Автор книги: Михаил Бойков
сообщить о нарушении
Текущая страница: 3 (всего у книги 14 страниц)
Глава 7
Какой-то военный
Бадмаев встретил Холмина вопросом:
– Ну, удалось вам узнать что-нибудь о «руке майора Громова»?
Холмин отрицательно и очень решительно тряхнул головой.
– Нет, гражданин начальник отдела. Не удалось и не удастся.
В узких глазах энкаведиста мелькнула тень удивления.
– Что это вы сегодня так упаднически настроены? – спросил он. – Вчера у вас было совсем другое настроение.
– Мне испортили это настроение, гражданин начальник, – возбужденно заговорил Холмин, – с первых же шагов мешают работать. Выдумывают всякие тормоза.
– Кто?
– Ваш заместитель – капитан Шелудяк. Вчера он пытался посадить, меня в одиночку, а затем приставил ко мне конвоира. Сегодня, как хвост, увязался за мной в тюрьму и приказал не выпускать меня оттуда.

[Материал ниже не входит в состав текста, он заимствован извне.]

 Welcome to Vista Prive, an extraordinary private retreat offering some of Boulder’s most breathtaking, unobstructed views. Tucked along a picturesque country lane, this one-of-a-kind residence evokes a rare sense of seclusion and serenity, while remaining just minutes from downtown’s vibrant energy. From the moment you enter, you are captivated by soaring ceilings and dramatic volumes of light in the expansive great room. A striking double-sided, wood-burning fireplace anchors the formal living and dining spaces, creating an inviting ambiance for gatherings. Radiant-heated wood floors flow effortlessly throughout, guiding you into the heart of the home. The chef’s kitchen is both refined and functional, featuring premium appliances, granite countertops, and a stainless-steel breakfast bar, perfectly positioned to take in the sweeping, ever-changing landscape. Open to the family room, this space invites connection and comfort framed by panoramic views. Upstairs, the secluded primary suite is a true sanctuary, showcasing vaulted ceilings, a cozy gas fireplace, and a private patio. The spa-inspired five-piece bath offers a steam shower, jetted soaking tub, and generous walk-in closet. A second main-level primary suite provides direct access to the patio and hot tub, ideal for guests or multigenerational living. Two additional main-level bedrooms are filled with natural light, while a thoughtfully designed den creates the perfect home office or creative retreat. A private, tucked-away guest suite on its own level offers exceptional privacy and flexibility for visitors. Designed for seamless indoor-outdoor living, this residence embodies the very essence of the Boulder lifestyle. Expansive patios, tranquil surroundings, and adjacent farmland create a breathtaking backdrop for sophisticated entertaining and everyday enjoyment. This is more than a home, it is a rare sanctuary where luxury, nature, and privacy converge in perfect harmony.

– Я уже дал ему нагоняй за то, что он оставил вас в тюрьме, – сказал Бадмаев.
– Вообще, гражданин начальник, – горячился Холмин, – я прошу вас избавить меня от всяких хвостов и предоставить мне свободу действий. Ни один сыщик никогда не работал и не сможет работать в тех условиях, какие были у меня вчера и сегодня утром. Дайте мне возможность работать самостоятельно или отправьте обратно в камеру.
Бадмаев мотнул на него своим вдавленным подбородком.

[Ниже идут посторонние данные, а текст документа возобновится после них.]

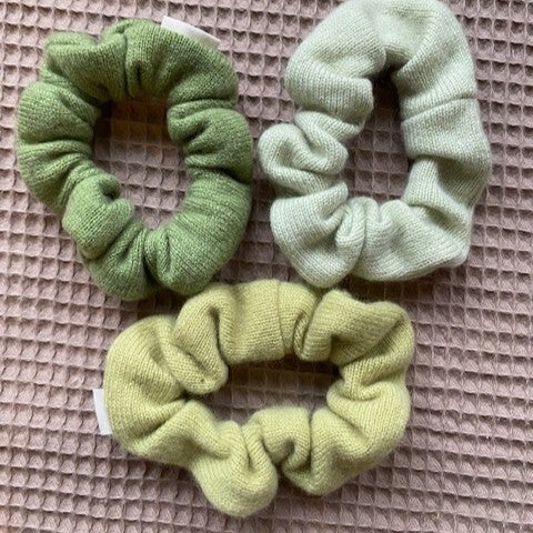 Die moosgrünen Scrunchies wurden aus einem secondhand Pullover mit einigen Löchern genäht. Das Detailbild gibt die Farbe am besten wieder.

– Хорошо, я распоряжусь, чтоб вам не мешали. Что вам нужно для работы сейчас?
– Прежде всего пропуск в камеры, где содержатся директор гостиницы, коридорный и Ольга Громова.

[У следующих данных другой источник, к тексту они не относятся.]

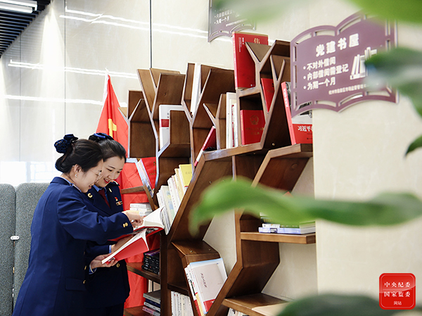 在建党100周年即将到来之际,杭州市临安区市场监督管理局行政审批中心窗口创建了党建书屋,为党员干部和办事群众提供党建红色阵地。图为在党建书屋,党员干部利用休息时间学习党建理论知识,更好地为办事群众和企业服务,以优良的作风打造一流营商环境。(浙江省杭州市临安区纪委监委供 金凯华 摄)

– Я позвоню в комендатуру. Еще что?
– У меня совсем нет денег. Не только на еду, но даже на трамвайный билет.
– Я распоряжусь. В комендатуре вы получите удостоверение агента и, на первое время 500 рублей. Проезд по нашему удостоверению всюду бесплатный. Питаться будете в нашем буфете, тоже бесплатно.
Бадмаев окинул его критическим взглядом.
– В тюрьме вы порядком обтрепались. Комендатура выдаст вам ордер в закрытый распределитель. Там выберете себе костюм, рубашку ботинки и всякую мелочь, какая вам потребуется. Что ещё?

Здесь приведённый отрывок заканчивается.